End-Motifs#

class finaletoolkit.frag.EndMotifFreqs(kmer_frequencies: Iterable[tuple[str, float]], k: int, quality_threshold: int = 20)#

Class that stores frequencies of end-motif k-mer frequencies and contains methods to manipulate this data.

Parameters#

kmer_frequenciesIterable

A Iterable of tuples, each containing a str representing a k-mer and a float representing its frequency

kint

Size of k-mers

quality_threshold: int, optional

Minimum mapping quality used. Default is 30.

classmethod from_file(file_path: str | Path, quality_threshold: int, sep: str = '\t', header: int = 0) EndMotifFreqs#

Reads kmer frequency from a two-column tab-delimited file.

Parameters#

file_pathstr

Path string containing path to file.

sepstr, optional

Delimiter used in file.

headerint, optional

Number of lines to ignore at the head of the file.

Return#

kmer_freqs : EndMotifFreqs

motif_diversity_score() float#

Calculates a motif diversity score (MDS) using normalized Shannon entropy as described by Jiang et al (2020). This function is generalized for any k instead of just 4-mers.

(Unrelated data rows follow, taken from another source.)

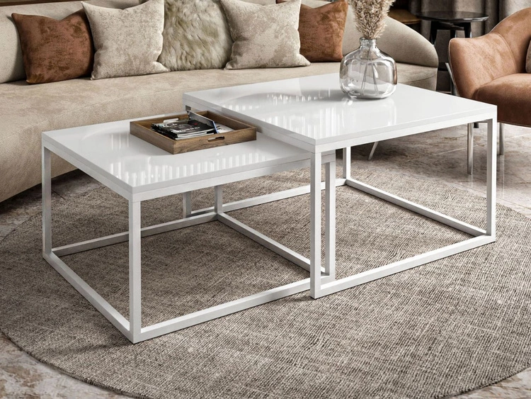 Stolik kawowy na czarnym stelażu Asumi Biały Połysk 40x42
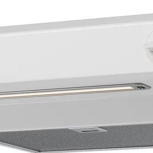Kjøkkenventilator fra IKEA veggmontert modell i hvit utførelse. Fronten er skråstilt for bedre hodeplass ved komfyren.
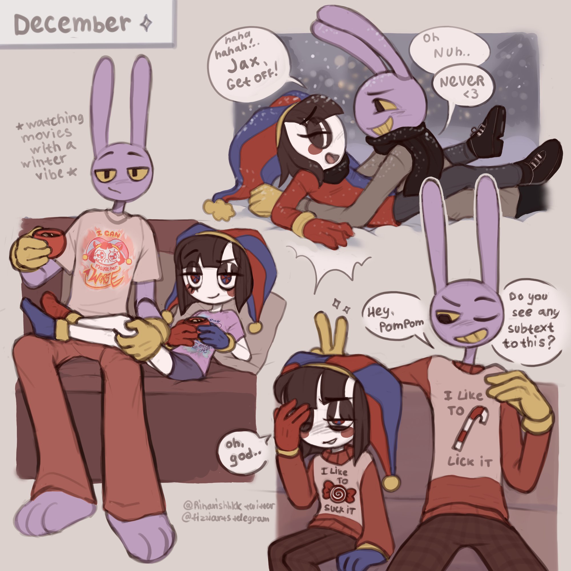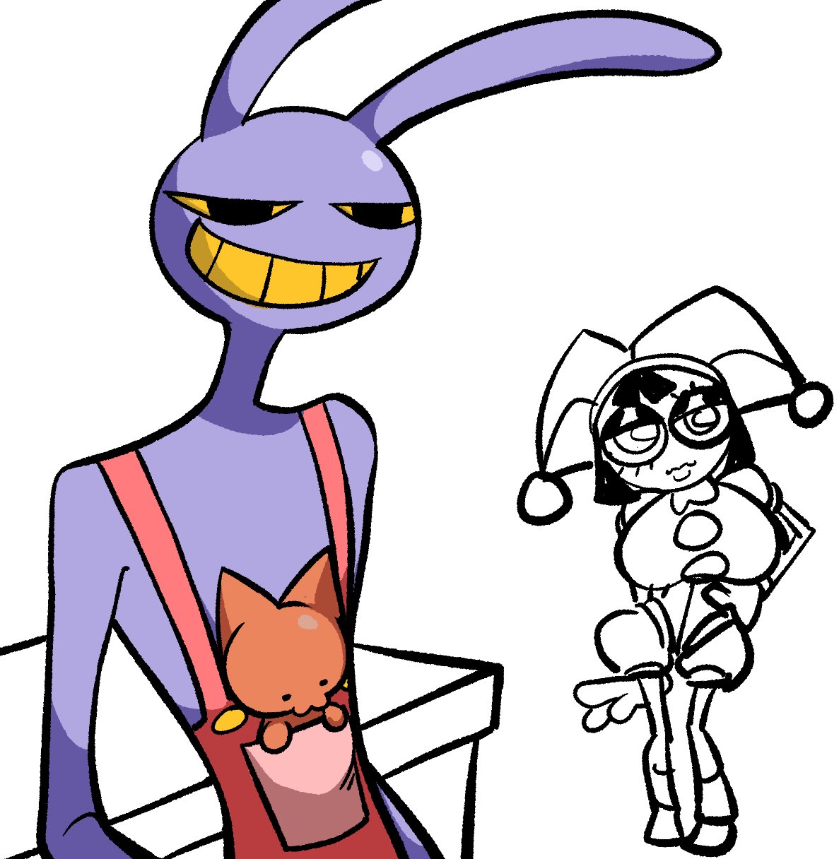 I love all het Jax pairings but specially funnybunny, even if Jax shoved a chidori into Pomni while she barely misses her rasengan like my favorite chinese cartoons nothing would change, it's a content i love to consume for fun. Shipping fuels a lot of OC and i think even Goose would be sad if people stopped making stuff because so and so isn't canon(just don't be annoying like the "Jax is trans" spammer) i never understood this rigid thinking, in any fandom.Yeah, there are the mentally ill canon police and my-headcanon-is-canon-hear-me-roar people everywhere, just ignore them when they start to screech.Thanks for listening to my TED talk.
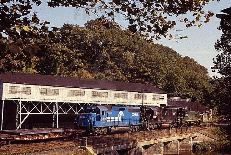 In September 1981, Conrail MP15 9625 leads the 8154 and 3303 with a train on its way back to Reading, PA from Coatesville, PA. The Coatesville turn operated out of Reading using the former Reading's Wilmington & Northern branch. At this point the primary customer was Lukens Steel. A fair amount of cars also went Luria Brothers scrap yard both hauling scrap or to be scrapped themselves. With Conrail, traffic to Wilmington was rerouted and this train would soon be abolished in favor of using a connection to the former PRR just east of this location. The W&N would be abandoned starting just west of here to Birdsboro, PA.
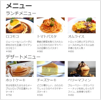 いっぽう、適度な余白を入れると、余裕を感じることが出来ます。ランチメニューとデザートメニューの区切りも分かりやすいですね。
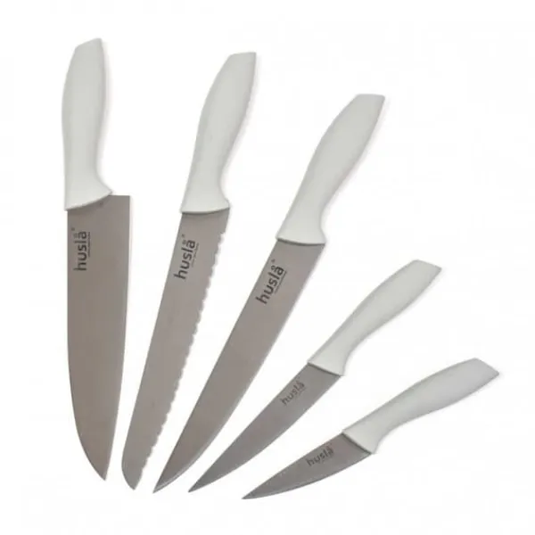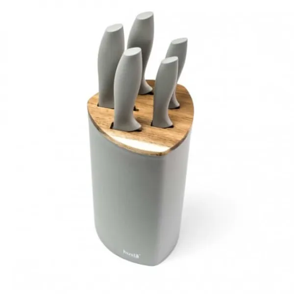 Det designgrå, matta blocket med element i akaciaträ och en uppsättning av 5 knivar av mycket högkvalitativt rostfritt stål gör den imponerande med sin elegans och soliditet vid första anblicken. Naturligt akaciaträ ger dessutom vår produkt en varm bild. Tack vare detta känns det bra i alla köksinredningar. Mjuka handtag belagda med ett tunt lager silikon i kombination med en ergonomisk form gör att arbeta med dem till ett sant nöje. SÄTTET INNEHÅLLER: KOKKNIV 20 CM, BRÖDKNIV 20 CM, KÖTTKNIV 20 CM, BRUKSKNIV 12,5 CM. PELNINGSKNIV 8,5 CM. KÖKSKNIVAR GÅR INTE DISKMASKIN I DISKMASKINEN. Allt är förpackat i en elegant kartong
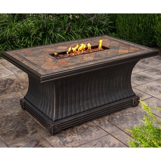 SaleFlorence Rectangular Slate Topped Gas Firepit Table with Red Lava Rock Strip Burner and Weather Cover
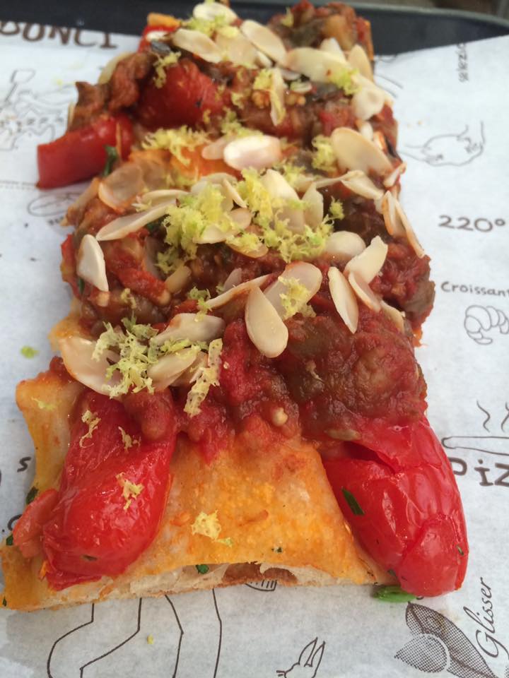 Pizzarium, pomodoro, melanzane, mandorle, limone
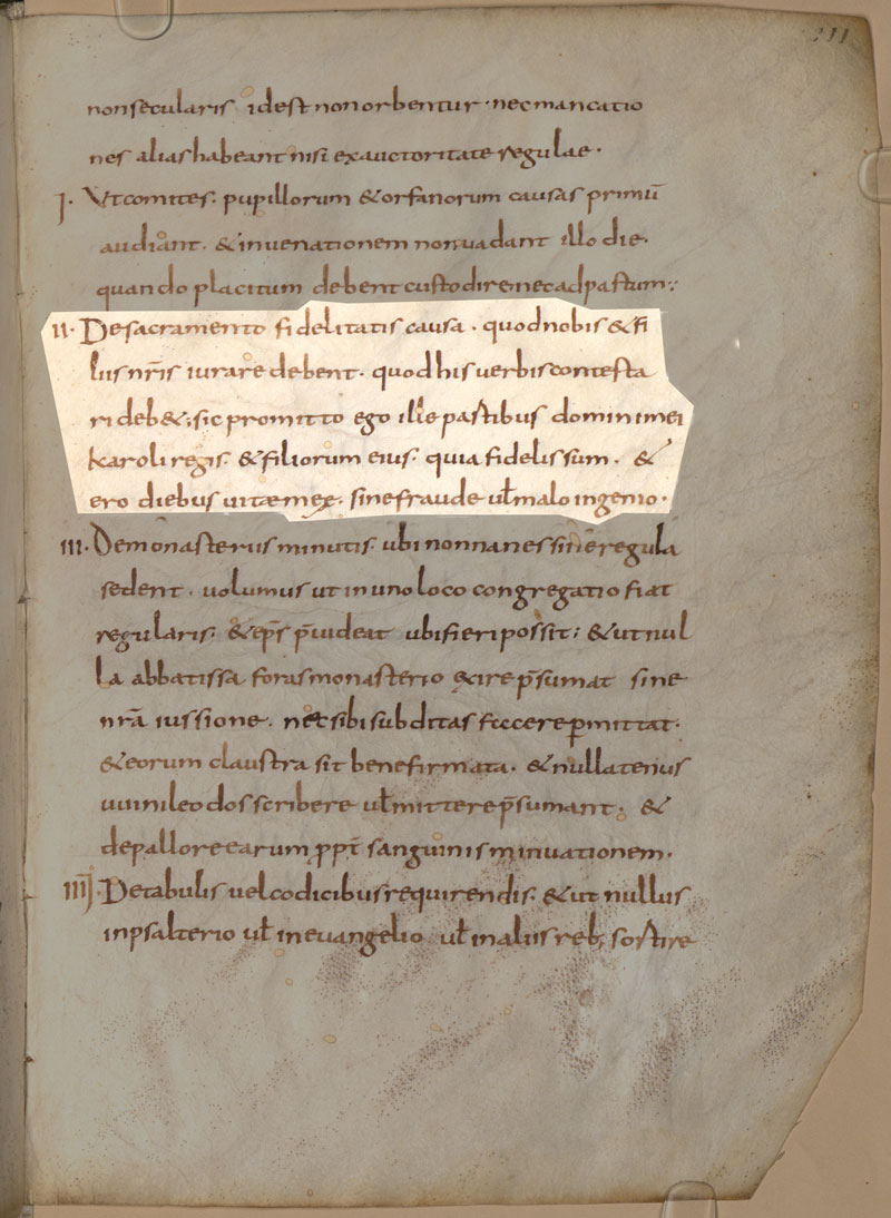 Treueidformular (Text hervorgehoben). Akten zum adoptianischen Streit. BSB Clm 14468. fol. 111r., Regensburg, 821, (Bayerische Staatsbibliothek) HLB

to_tsv(output_file: str | Path, sep: str = '\t')#

Prints k-mer frequencies to a tsv

class finaletoolkit.frag.EndMotifsIntervals(intervals: Iterable[tuple[tuple, dict]], k: int, quality_threshold: int = 20)#

Class that stores frequencies of end-motif k-mers over user-specified intervals and contains methods to manipulate this data.

Parameters#

intervalsIterable

A collection of tuples, each containing a tuple representing a genomic interval (chrom, 0-based start, 1-based stop) and a dict that maps kmers to frequencies in the interval.

kint

Size of k-mers

quality_threshold: int, optional

Minimum mapping quality used. Default is 30.

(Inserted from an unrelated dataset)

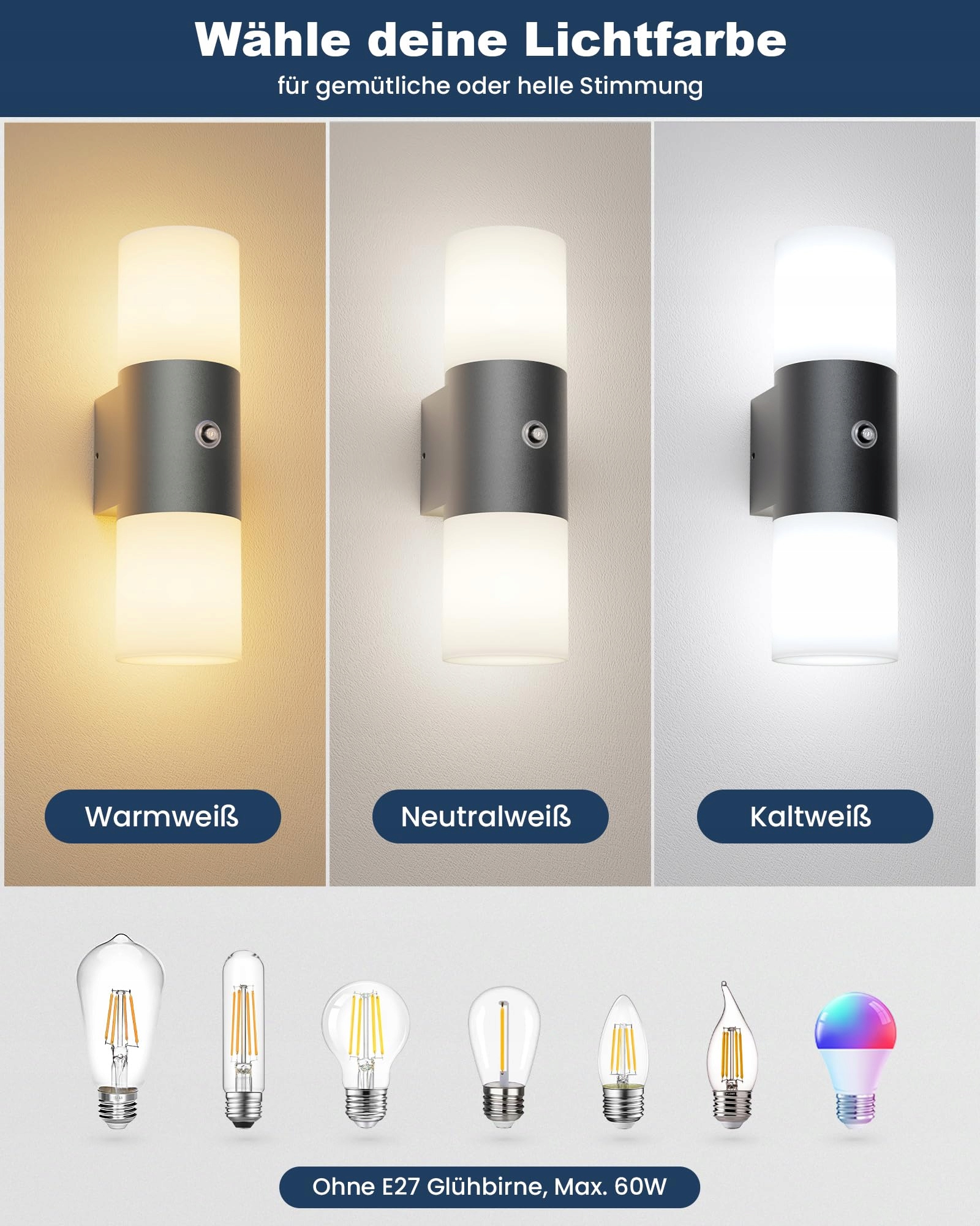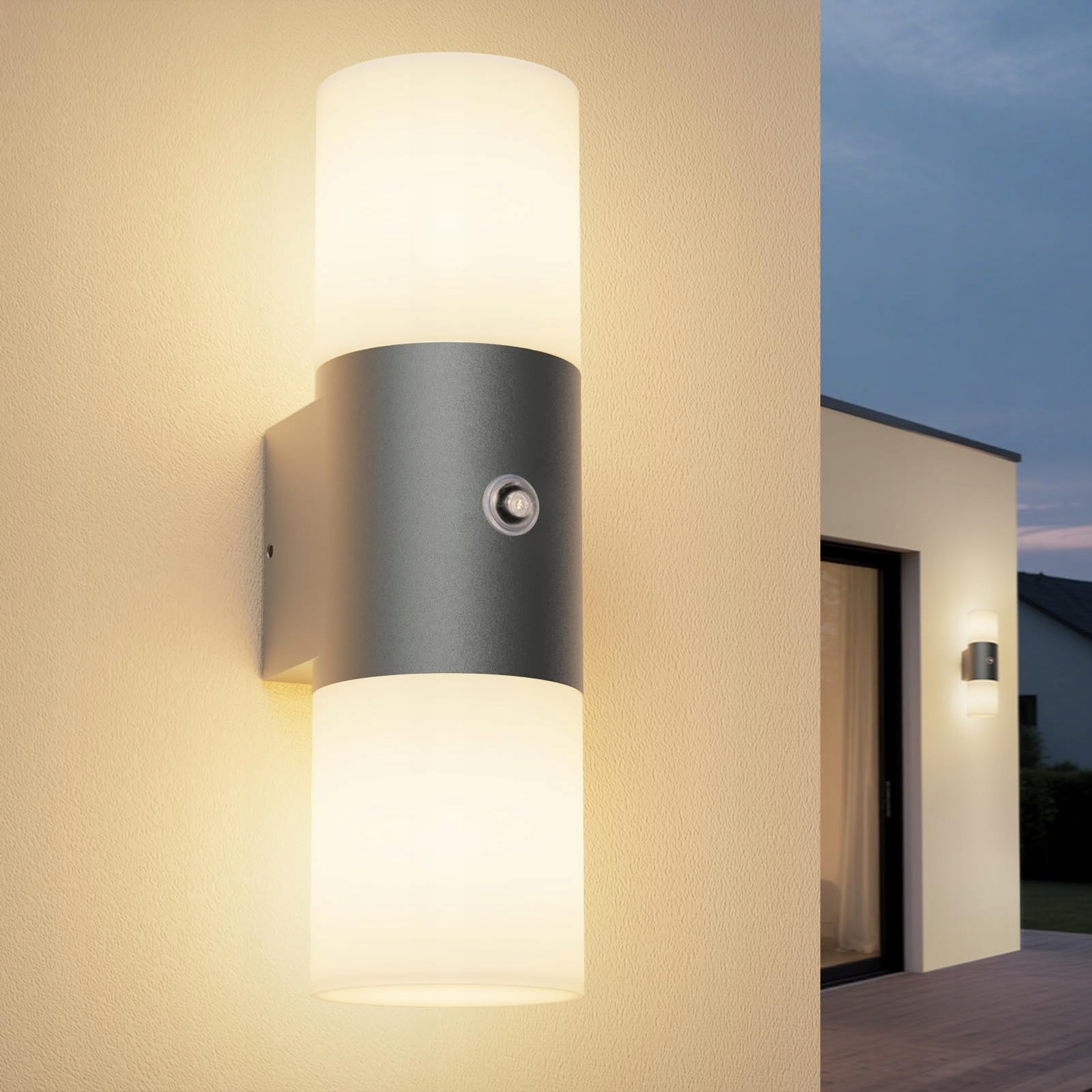 Allesgute E27 zewnętrzna lampa ścienna z czujnikiem zmierzchu antracyt, IP65 lampa ścienna zewnętrzna góra-dół, lampa zewnętrzna max 60W do ogrodu, tarasu, garażu (bez źródła światła)

freq(kmer: str) list[Tuple[str, int, int, float]]#

Returns a list of intervals and associated frquency for given kmer. Results are in the form (chrom, 0-based start, 1-based stop, frequency).

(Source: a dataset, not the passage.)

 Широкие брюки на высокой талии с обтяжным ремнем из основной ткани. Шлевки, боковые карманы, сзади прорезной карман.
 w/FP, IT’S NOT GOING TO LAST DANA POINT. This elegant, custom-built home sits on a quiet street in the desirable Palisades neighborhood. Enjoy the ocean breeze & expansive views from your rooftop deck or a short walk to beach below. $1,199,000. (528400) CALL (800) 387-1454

classmethod from_file(file_path: str, quality_threshold: int, sep: str = ',') EndMotifFreqs#

Reads kmer frequency from a tab-delimited file. Expected columns are contig, start, stop, name, count, *kmers. Because exporting to file includes an option to turn counts to a fraction, this doesn’t perfectly correspond to replicating the other file.

Parameters#

file_pathstr

Path string containing path to file.

quality_thresholdint

MAPQ filter used. Only used for some calculations.

sepstr, optional

Delimiter used in file.

Return#

kmer_freqs : EndMotifFreqs

mds_bed(output_file: str | Path, sep: str = '\t')#

Writes MDS for each interval to a bed/bedgraph file.

motif_diversity_score() list[tuple[tuple, float]]#

Calculates a motif diversity score (MDS) for each interval using normalized Shannon entropy as described by Jiang et al (2020). This function is generalized for any k instead of just 4-mers.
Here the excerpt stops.